=== Section Start ===
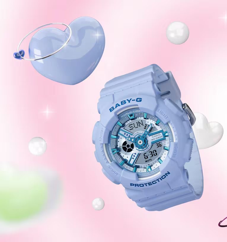 Casio Baby-G sú zmenšené verzie modelov G-Shock určené predovšetkým pre menšie zápästie. Modely tohto radu vychádzajú tak z tvarov pôvodného ikonického typu G-Shock DW-5000C z roku 1983, ako aj z radu ďalších obľúbených modelov. Hodinky Baby-G sa vyznačujú puzdrom z epoxidovej živice a celkovým športovým vzhľadom v rade farebných prevedení. S vodotesnosťou 100 metrov a mnohými funkciami vrátane stopiek, budíka, timera a kalendára poslúži ako praktický aj štýlový doplnok pri každodennom nosení a športe.
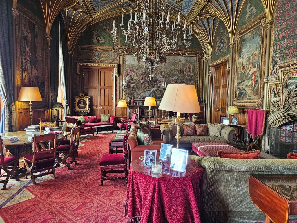 Inside is extraordinary and unexpected, much less austere than Smirke intended. The second Earl Somers commissioned Pugin to do up the drawing room, which he did as if it was the House of Lords:-
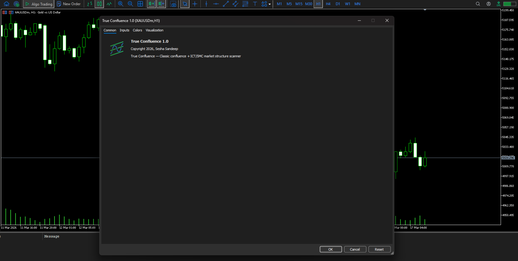 True Confluence es un indicador de MetaTrader 5 diseñado para los operadores que quieren señales más claras, confirmación RSI, análisis de confluencia, contexto de tendencia, y soporte de gráficos multi-marco de tiempo en un tablero en el gráfico.
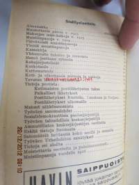 | Saatavilla | 1 kpl | | Julkaisuvuosi | 1924 | | Sivuja | 128 | | Painos | 1. | | Kunto | K2 | | Kannessa tahra | | Sidonta/painoasu | Sidottu (kovak.) | | Kielet | Suomi |
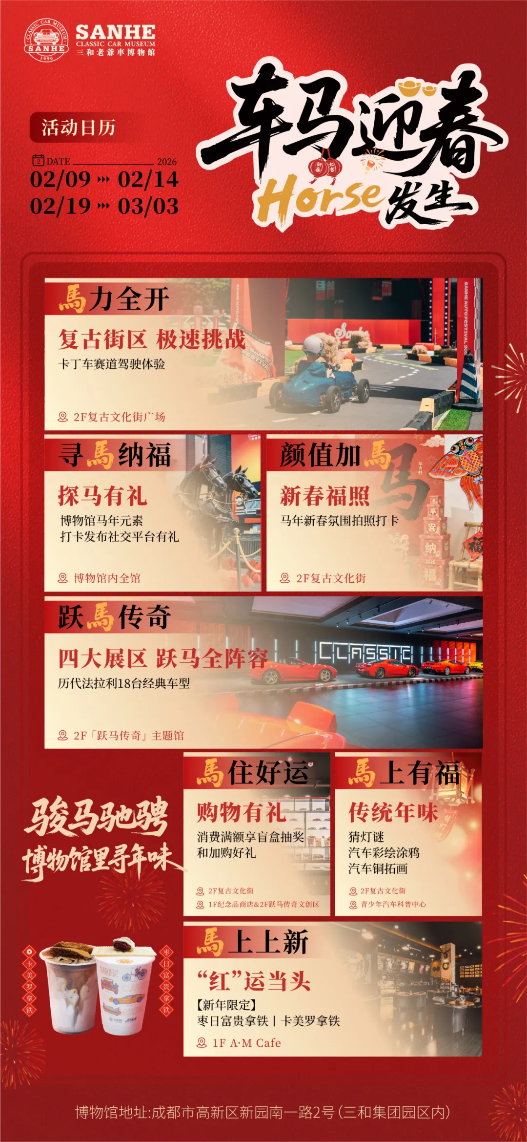 复古车轮遇见新春特调,一杯“红”运,满口甜蜜!这个新春,老爷车博物馆咖啡厅将时光的醇厚与新年的暖甜交融,特推出新春限定风味,伴您在古董车的环绕中,尝一份独特的年意。
=== Section End ===
#### PROBLEM TO WORK ON:
Reproduce the material above from its first line through the line containing "Kielet | Suomi |", both ends included, and skip every picture.

#### OUTPUT BELOW:
 Casio Baby-G sú zmenšené verzie modelov G-Shock určené predovšetkým pre menšie zápästie. Modely tohto radu vychádzajú tak z tvarov pôvodného ikonického typu G-Shock DW-5000C z roku 1983, ako aj z radu ďalších obľúbených modelov. Hodinky Baby-G sa vyznačujú puzdrom z epoxidovej živice a celkovým športovým vzhľadom v rade farebných prevedení. S vodotesnosťou 100 metrov a mnohými funkciami vrátane stopiek, budíka, timera a kalendára poslúži ako praktický aj štýlový doplnok pri každodennom nosení a športe.
 Inside is extraordinary and unexpected, much less austere than Smirke intended. The second Earl Somers commissioned Pugin to do up the drawing room, which he did as if it was the House of Lords:-
 True Confluence es un indicador de MetaTrader 5 diseñado para los operadores que quieren señales más claras, confirmación RSI, análisis de confluencia, contexto de tendencia, y soporte de gráficos multi-marco de tiempo en un tablero en el gráfico.
 | Saatavilla | 1 kpl | | Julkaisuvuosi | 1924 | | Sivuja | 128 | | Painos | 1. | | Kunto | K2 | | Kannessa tahra | | Sidonta/painoasu | Sidottu (kovak.) | | Kielet | Suomi |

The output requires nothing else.